De même, la ministre peut demander à la Commission de faire une étude si elle estime que l'intervention de la Commission peut s'avérer utile pour régler un différend portant sur le caractère local ou supralocal d'un équipement, sur la gestion d'un équipement supralocal, sur le financement des dépenses liées à cet équipement ou sur le partage des revenus qu'il produit.
L’étude de la Commission peut aussi porter sur les infrastructures, les services et les activités pouvant comporter un caractère supralocal.

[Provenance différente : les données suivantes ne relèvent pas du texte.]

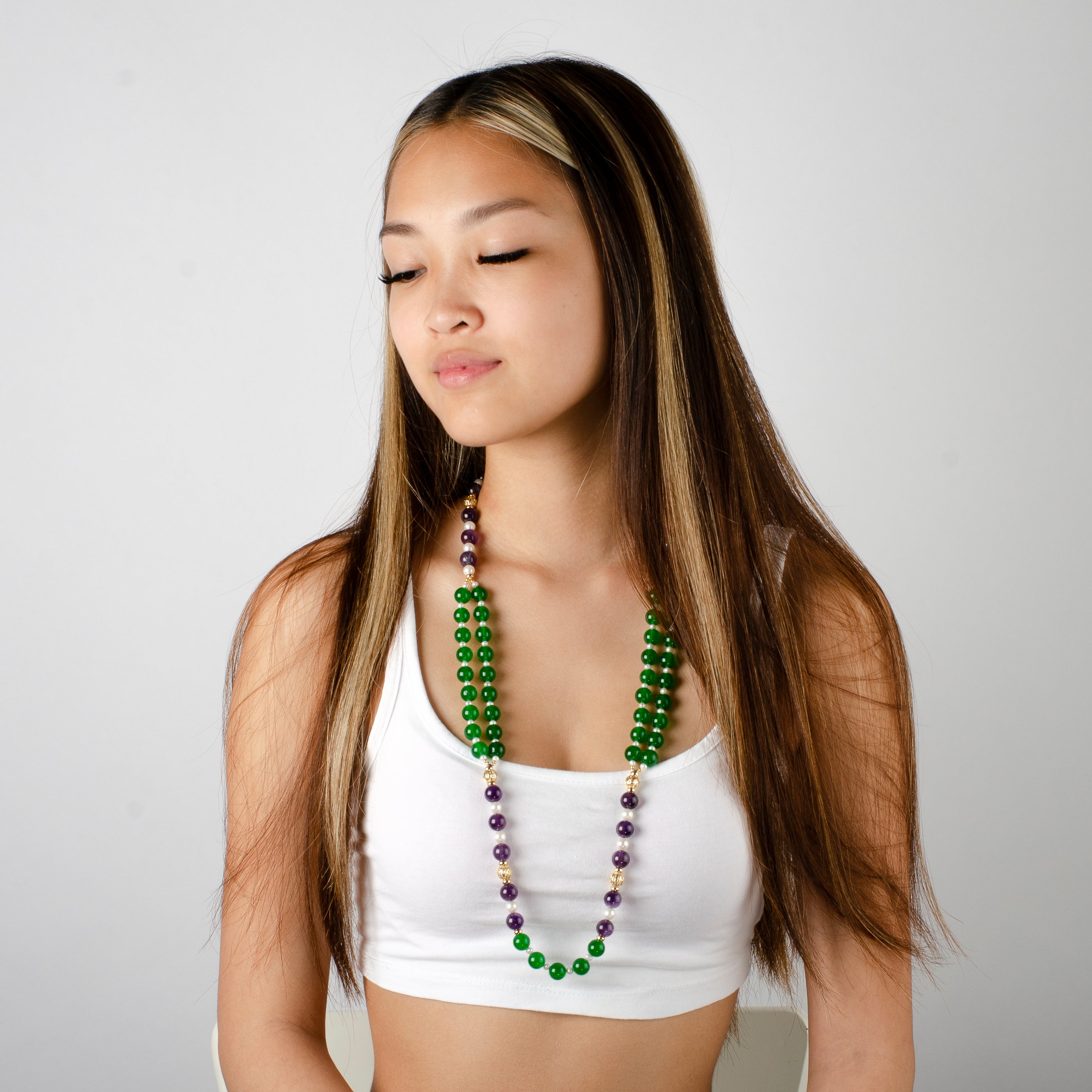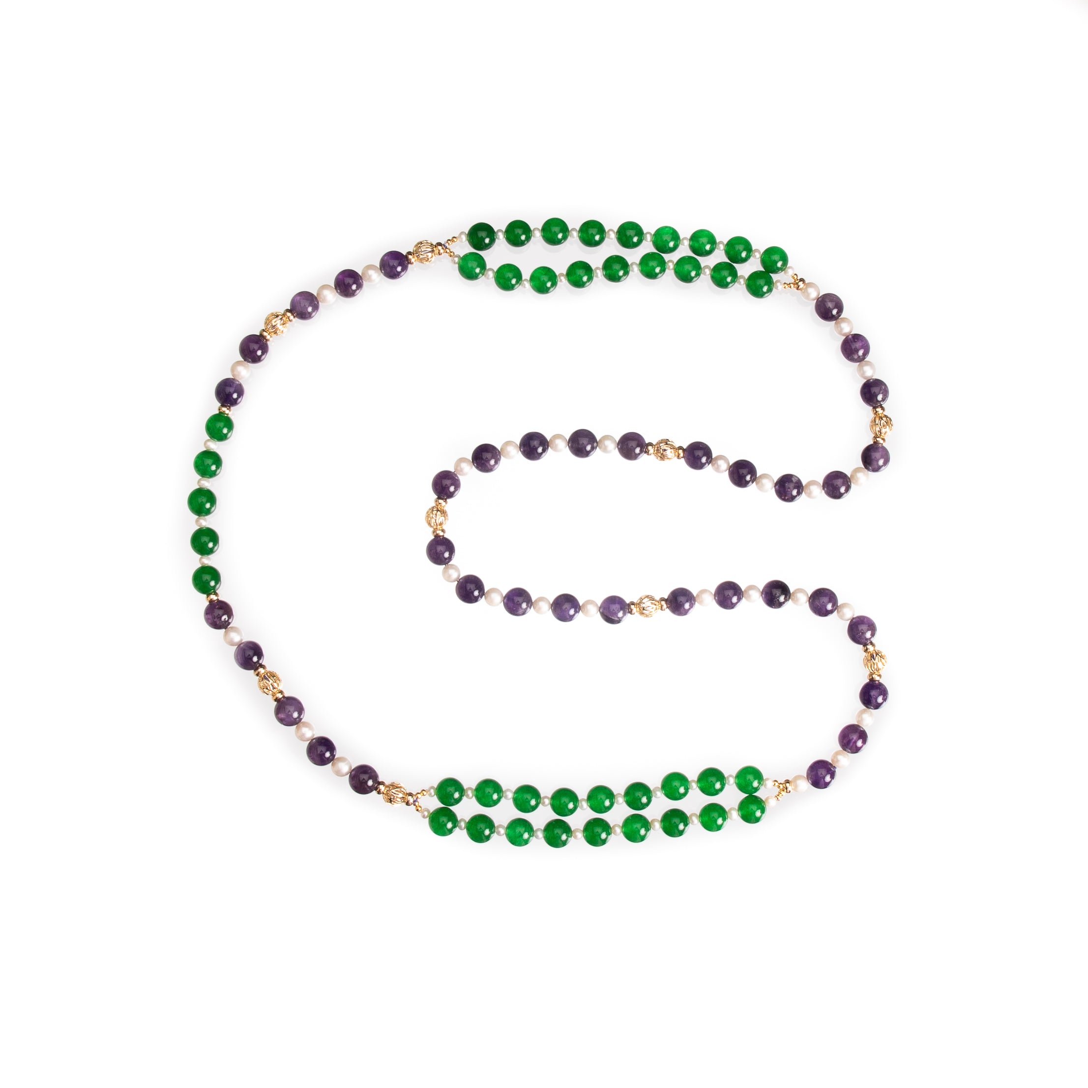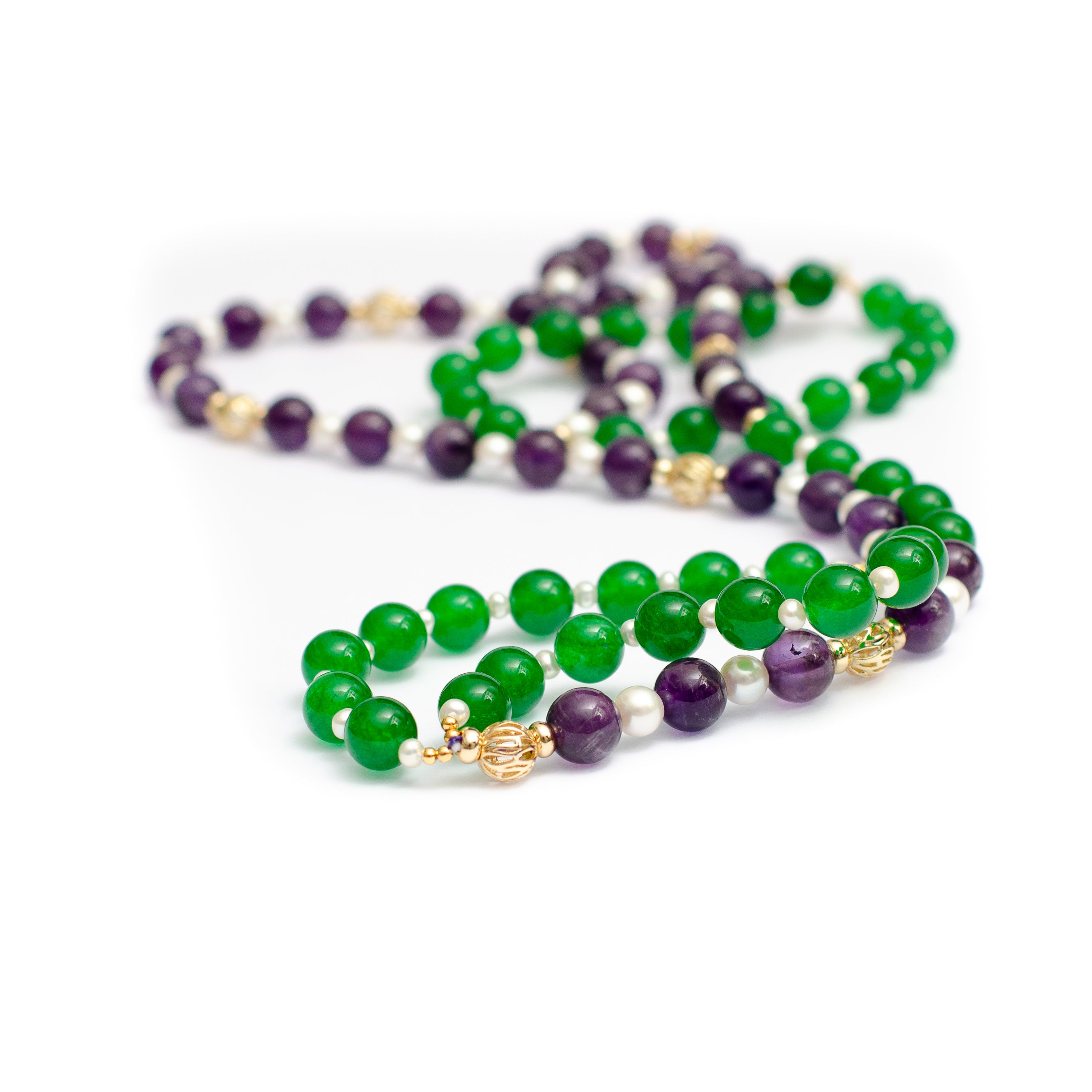 -The necklace is hand knotted with gold beads in between each jade and amethyst with an addition of white fresh water pearls -It has a comfortable magnetic clasp
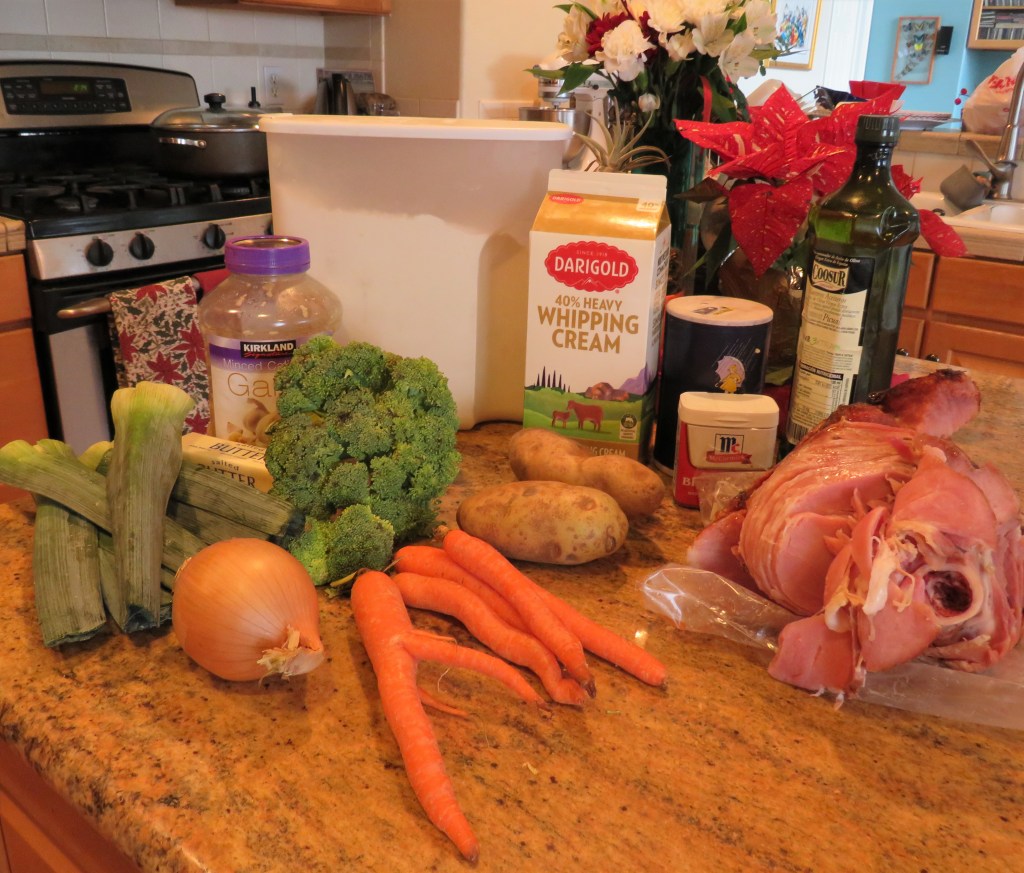 Add the ham, broccoli, stock and seasonings, cover and bring to a boil, then reduce the heat to a simmer and add the cream and the leeks. Continue to cook for an additional 30-40 minutes, stirring often. Adjust the seasonings as needed.

Dans le cadre de son étude, la Commission publie un avis invitant les personnes intéressées à formuler leur opinion à la Commission. Un délai de 30 jours, suivant cet avis, est alors accordé à ces personnes afin qu'elles déposent leurs opinions écrites. Ce sera exceptionnellement que la Commission tiendra une audience publique dans le cas des Équipements, Infrastructures, Services et Activités (ÉISA).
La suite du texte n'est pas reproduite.